Exercise requirements
Copy every record verbatim but exclude the pictures.

Dataset records
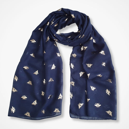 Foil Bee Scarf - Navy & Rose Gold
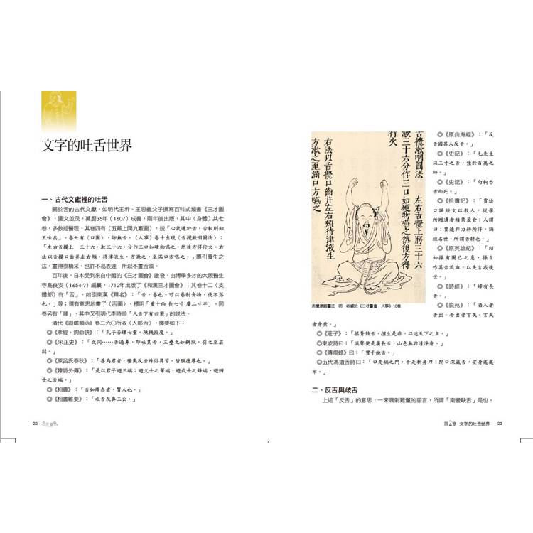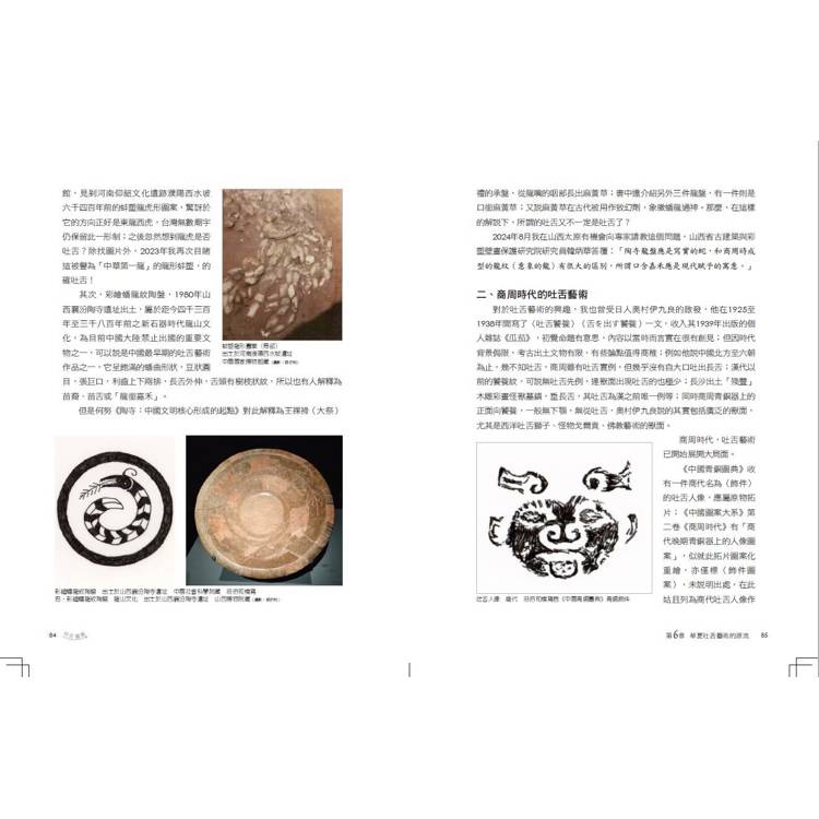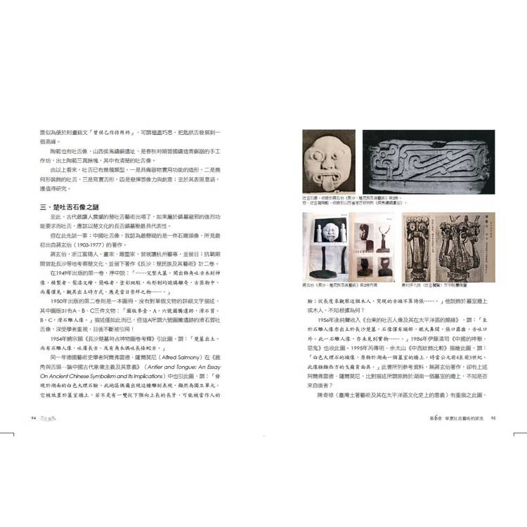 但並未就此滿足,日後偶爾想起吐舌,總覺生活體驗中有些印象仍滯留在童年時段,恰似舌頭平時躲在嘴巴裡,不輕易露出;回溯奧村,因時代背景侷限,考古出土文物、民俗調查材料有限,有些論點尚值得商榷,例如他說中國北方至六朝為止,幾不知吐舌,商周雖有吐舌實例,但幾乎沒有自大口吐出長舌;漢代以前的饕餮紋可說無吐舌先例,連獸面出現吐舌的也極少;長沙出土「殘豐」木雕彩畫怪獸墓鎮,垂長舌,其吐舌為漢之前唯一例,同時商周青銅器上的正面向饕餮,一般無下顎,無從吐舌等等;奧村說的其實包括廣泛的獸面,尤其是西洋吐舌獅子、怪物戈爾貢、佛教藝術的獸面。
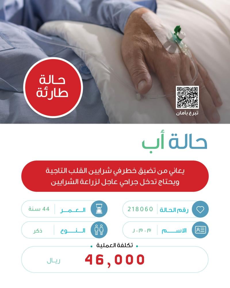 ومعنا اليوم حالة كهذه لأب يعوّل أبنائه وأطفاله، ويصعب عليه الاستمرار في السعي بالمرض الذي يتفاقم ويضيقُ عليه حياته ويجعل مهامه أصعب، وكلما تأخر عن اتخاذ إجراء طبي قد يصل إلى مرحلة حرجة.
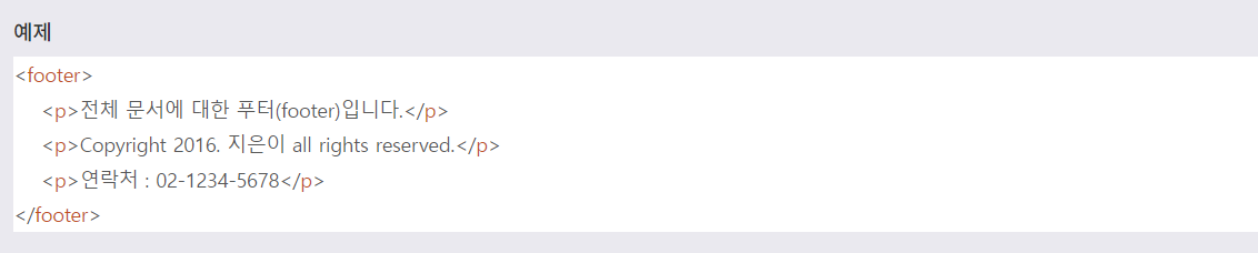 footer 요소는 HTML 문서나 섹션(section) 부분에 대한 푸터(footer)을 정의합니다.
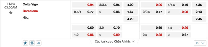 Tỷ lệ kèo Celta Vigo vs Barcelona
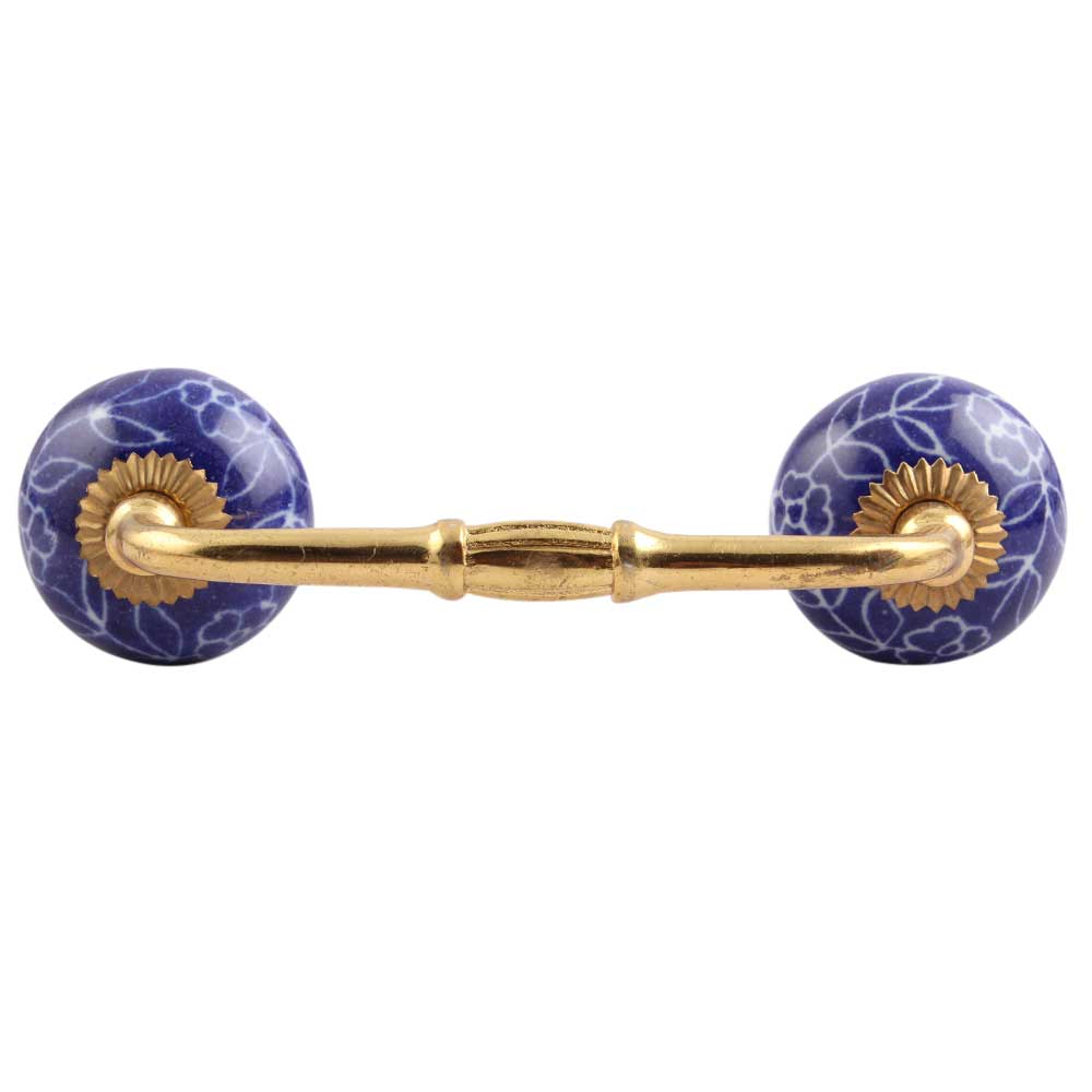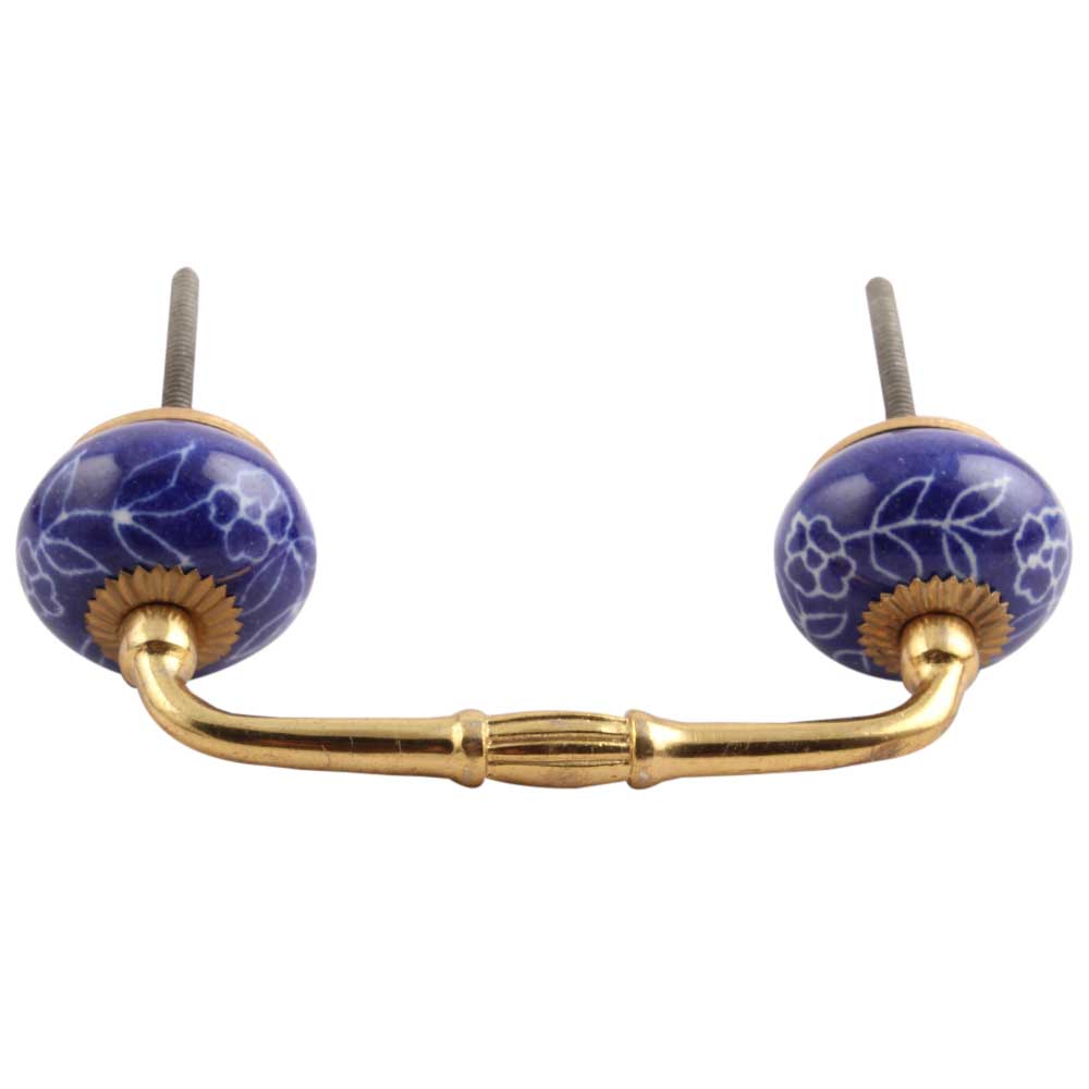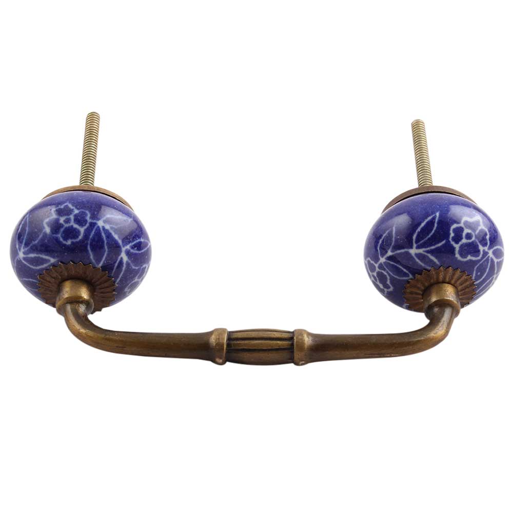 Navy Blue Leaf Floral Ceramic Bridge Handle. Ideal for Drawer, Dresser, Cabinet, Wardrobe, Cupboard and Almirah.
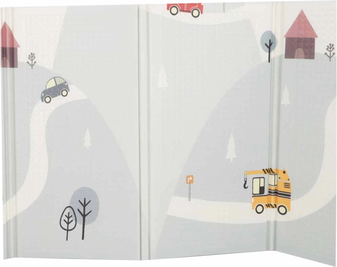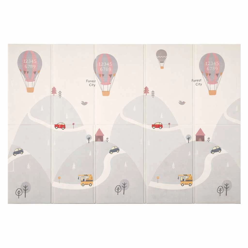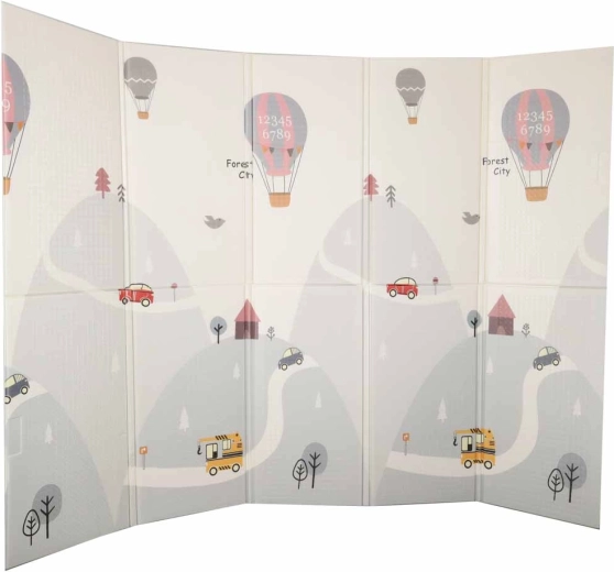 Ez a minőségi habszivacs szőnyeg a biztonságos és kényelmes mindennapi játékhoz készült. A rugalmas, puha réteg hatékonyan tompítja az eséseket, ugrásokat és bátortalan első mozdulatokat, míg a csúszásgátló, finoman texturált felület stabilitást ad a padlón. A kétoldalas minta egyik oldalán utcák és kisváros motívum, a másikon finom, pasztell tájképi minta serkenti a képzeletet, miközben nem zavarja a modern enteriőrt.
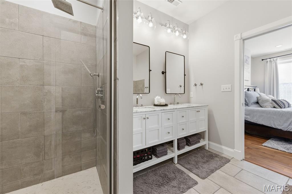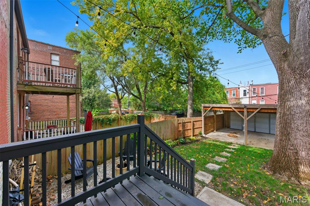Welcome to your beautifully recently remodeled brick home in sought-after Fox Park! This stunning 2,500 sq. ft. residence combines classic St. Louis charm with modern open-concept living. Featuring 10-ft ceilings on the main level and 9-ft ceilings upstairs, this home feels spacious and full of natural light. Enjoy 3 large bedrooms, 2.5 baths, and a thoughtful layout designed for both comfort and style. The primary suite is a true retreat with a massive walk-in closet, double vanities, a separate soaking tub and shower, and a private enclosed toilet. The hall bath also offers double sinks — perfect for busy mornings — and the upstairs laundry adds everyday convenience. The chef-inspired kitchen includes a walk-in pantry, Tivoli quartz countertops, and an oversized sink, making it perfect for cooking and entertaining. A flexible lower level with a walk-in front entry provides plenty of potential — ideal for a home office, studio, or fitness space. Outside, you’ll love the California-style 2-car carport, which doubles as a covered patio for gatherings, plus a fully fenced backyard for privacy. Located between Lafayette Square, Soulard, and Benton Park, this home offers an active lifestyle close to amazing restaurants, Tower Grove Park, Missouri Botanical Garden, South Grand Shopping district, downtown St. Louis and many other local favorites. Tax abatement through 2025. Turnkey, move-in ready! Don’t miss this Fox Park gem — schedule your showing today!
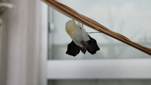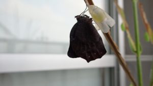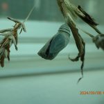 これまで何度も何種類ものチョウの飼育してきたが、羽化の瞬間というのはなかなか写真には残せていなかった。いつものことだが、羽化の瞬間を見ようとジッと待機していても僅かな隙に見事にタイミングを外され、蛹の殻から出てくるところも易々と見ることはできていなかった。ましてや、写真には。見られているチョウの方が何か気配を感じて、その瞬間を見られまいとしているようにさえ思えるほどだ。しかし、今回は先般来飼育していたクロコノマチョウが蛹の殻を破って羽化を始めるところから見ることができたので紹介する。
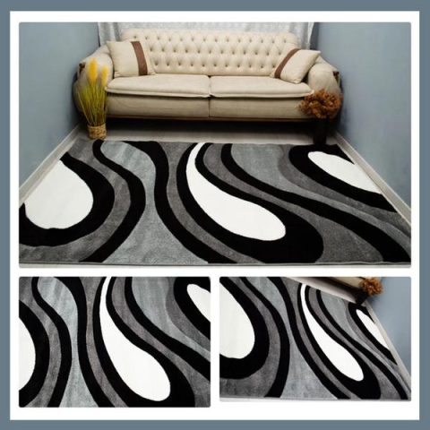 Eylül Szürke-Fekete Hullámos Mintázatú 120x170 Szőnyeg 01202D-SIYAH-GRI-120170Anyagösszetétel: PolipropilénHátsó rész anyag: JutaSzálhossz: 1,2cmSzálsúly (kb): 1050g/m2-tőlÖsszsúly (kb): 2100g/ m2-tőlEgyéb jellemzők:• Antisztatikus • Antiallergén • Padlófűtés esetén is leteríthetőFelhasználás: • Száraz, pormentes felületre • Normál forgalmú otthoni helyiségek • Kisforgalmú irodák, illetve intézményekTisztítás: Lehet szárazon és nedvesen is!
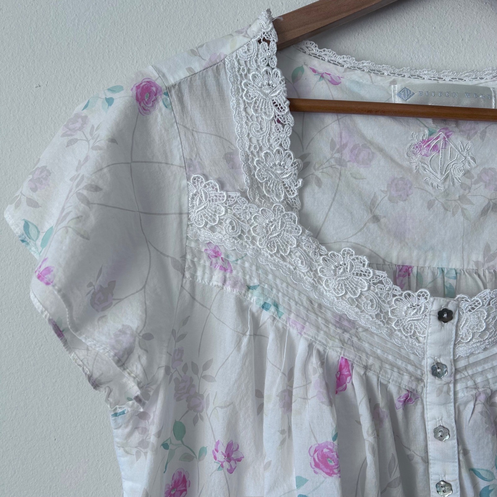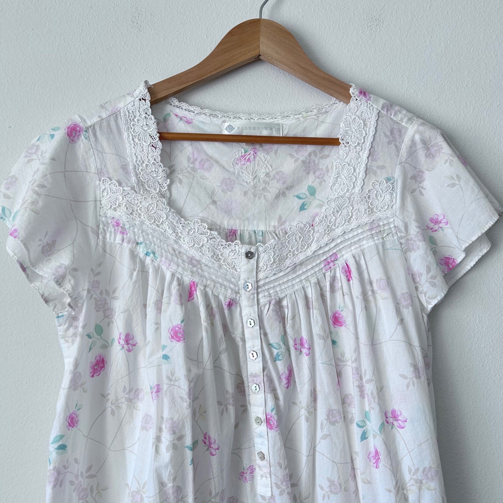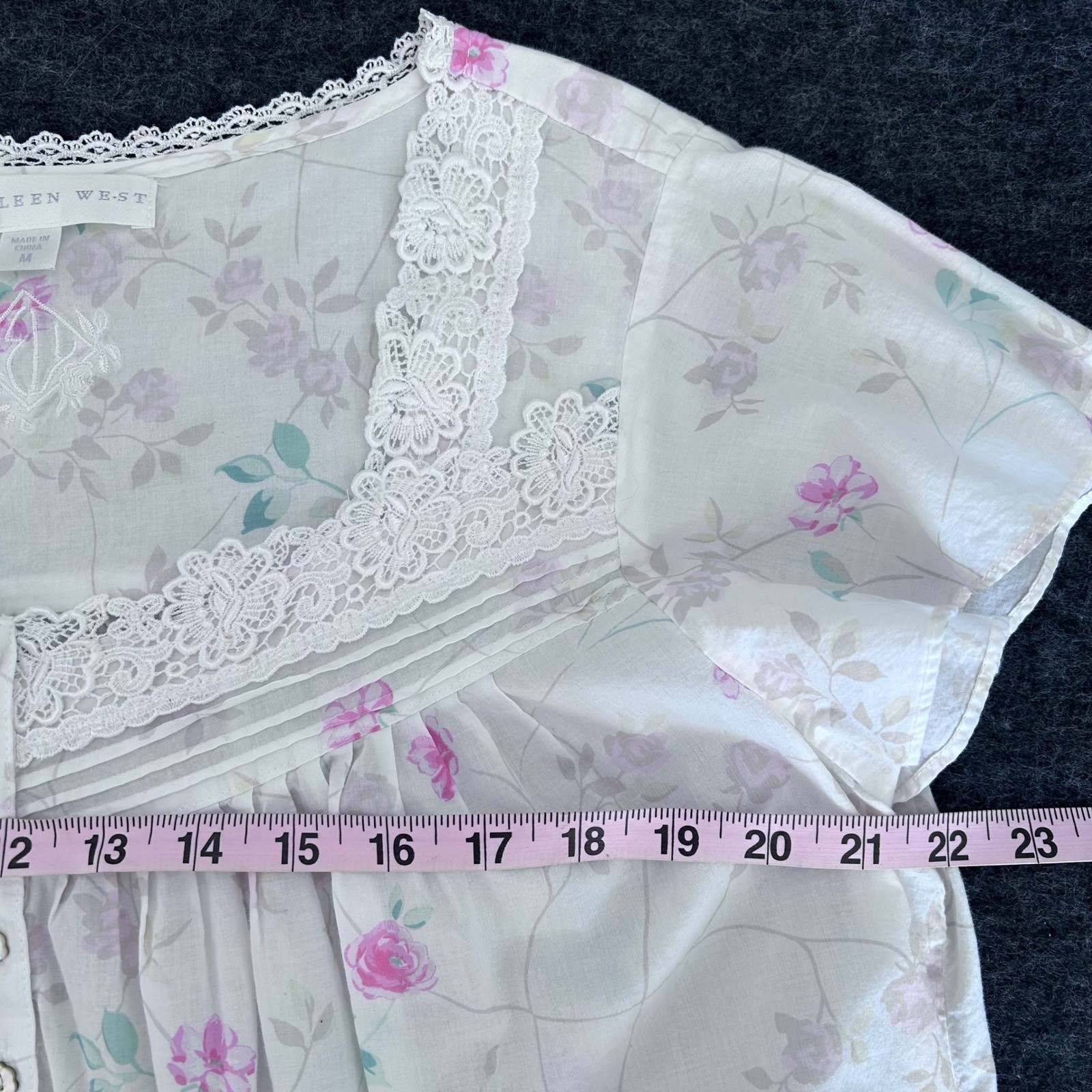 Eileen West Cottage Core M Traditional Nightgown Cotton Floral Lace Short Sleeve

Answer to the problem
 Foil Bee Scarf - Navy & Rose Gold
 但並未就此滿足,日後偶爾想起吐舌,總覺生活體驗中有些印象仍滯留在童年時段,恰似舌頭平時躲在嘴巴裡,不輕易露出;回溯奧村,因時代背景侷限,考古出土文物、民俗調查材料有限,有些論點尚值得商榷,例如他說中國北方至六朝為止,幾不知吐舌,商周雖有吐舌實例,但幾乎沒有自大口吐出長舌;漢代以前的饕餮紋可說無吐舌先例,連獸面出現吐舌的也極少;長沙出土「殘豐」木雕彩畫怪獸墓鎮,垂長舌,其吐舌為漢之前唯一例,同時商周青銅器上的正面向饕餮,一般無下顎,無從吐舌等等;奧村說的其實包括廣泛的獸面,尤其是西洋吐舌獅子、怪物戈爾貢、佛教藝術的獸面。
 ومعنا اليوم حالة كهذه لأب يعوّل أبنائه وأطفاله، ويصعب عليه الاستمرار في السعي بالمرض الذي يتفاقم ويضيقُ عليه حياته ويجعل مهامه أصعب، وكلما تأخر عن اتخاذ إجراء طبي قد يصل إلى مرحلة حرجة.
 footer 요소는 HTML 문서나 섹션(section) 부분에 대한 푸터(footer)을 정의합니다.
 Tỷ lệ kèo Celta Vigo vs Barcelona
 Navy Blue Leaf Floral Ceramic Bridge Handle. Ideal for Drawer, Dresser, Cabinet, Wardrobe, Cupboard and Almirah.
 Ez a minőségi habszivacs szőnyeg a biztonságos és kényelmes mindennapi játékhoz készült. A rugalmas, puha réteg hatékonyan tompítja az eséseket, ugrásokat és bátortalan első mozdulatokat, míg a csúszásgátló, finoman texturált felület stabilitást ad a padlón. A kétoldalas minta egyik oldalán utcák és kisváros motívum, a másikon finom, pasztell tájképi minta serkenti a képzeletet, miközben nem zavarja a modern enteriőrt.
Welcome to your beautifully recently remodeled brick home in sought-after Fox Park! This stunning 2,500 sq. ft. residence combines classic St. Louis charm with modern open-concept living. Featuring 10-ft ceilings on the main level and 9-ft ceilings upstairs, this home feels spacious and full of natural light. Enjoy 3 large bedrooms, 2.5 baths, and a thoughtful layout designed for both comfort and style. The primary suite is a true retreat with a massive walk-in closet, double vanities, a separate soaking tub and shower, and a private enclosed toilet. The hall bath also offers double sinks — perfect for busy mornings — and the upstairs laundry adds everyday convenience. The chef-inspired kitchen includes a walk-in pantry, Tivoli quartz countertops, and an oversized sink, making it perfect for cooking and entertaining. A flexible lower level with a walk-in front entry provides plenty of potential — ideal for a home office, studio, or fitness space. Outside, you’ll love the California-style 2-car carport, which doubles as a covered patio for gatherings, plus a fully fenced backyard for privacy. Located between Lafayette Square, Soulard, and Benton Park, this home offers an active lifestyle close to amazing restaurants, Tower Grove Park, Missouri Botanical Garden, South Grand Shopping district, downtown St. Louis and many other local favorites. Tax abatement through 2025. Turnkey, move-in ready! Don’t miss this Fox Park gem — schedule your showing today!
 これまで何度も何種類ものチョウの飼育してきたが、羽化の瞬間というのはなかなか写真には残せていなかった。いつものことだが、羽化の瞬間を見ようとジッと待機していても僅かな隙に見事にタイミングを外され、蛹の殻から出てくるところも易々と見ることはできていなかった。ましてや、写真には。見られているチョウの方が何か気配を感じて、その瞬間を見られまいとしているようにさえ思えるほどだ。しかし、今回は先般来飼育していたクロコノマチョウが蛹の殻を破って羽化を始めるところから見ることができたので紹介する。
 Eylül Szürke-Fekete Hullámos Mintázatú 120x170 Szőnyeg 01202D-SIYAH-GRI-120170Anyagösszetétel: PolipropilénHátsó rész anyag: JutaSzálhossz: 1,2cmSzálsúly (kb): 1050g/m2-tőlÖsszsúly (kb): 2100g/ m2-tőlEgyéb jellemzők:• Antisztatikus • Antiallergén • Padlófűtés esetén is leteríthetőFelhasználás: • Száraz, pormentes felületre • Normál forgalmú otthoni helyiségek • Kisforgalmú irodák, illetve intézményekTisztítás: Lehet szárazon és nedvesen is!
 Eileen West Cottage Core M Traditional Nightgown Cotton Floral Lace Short Sleeve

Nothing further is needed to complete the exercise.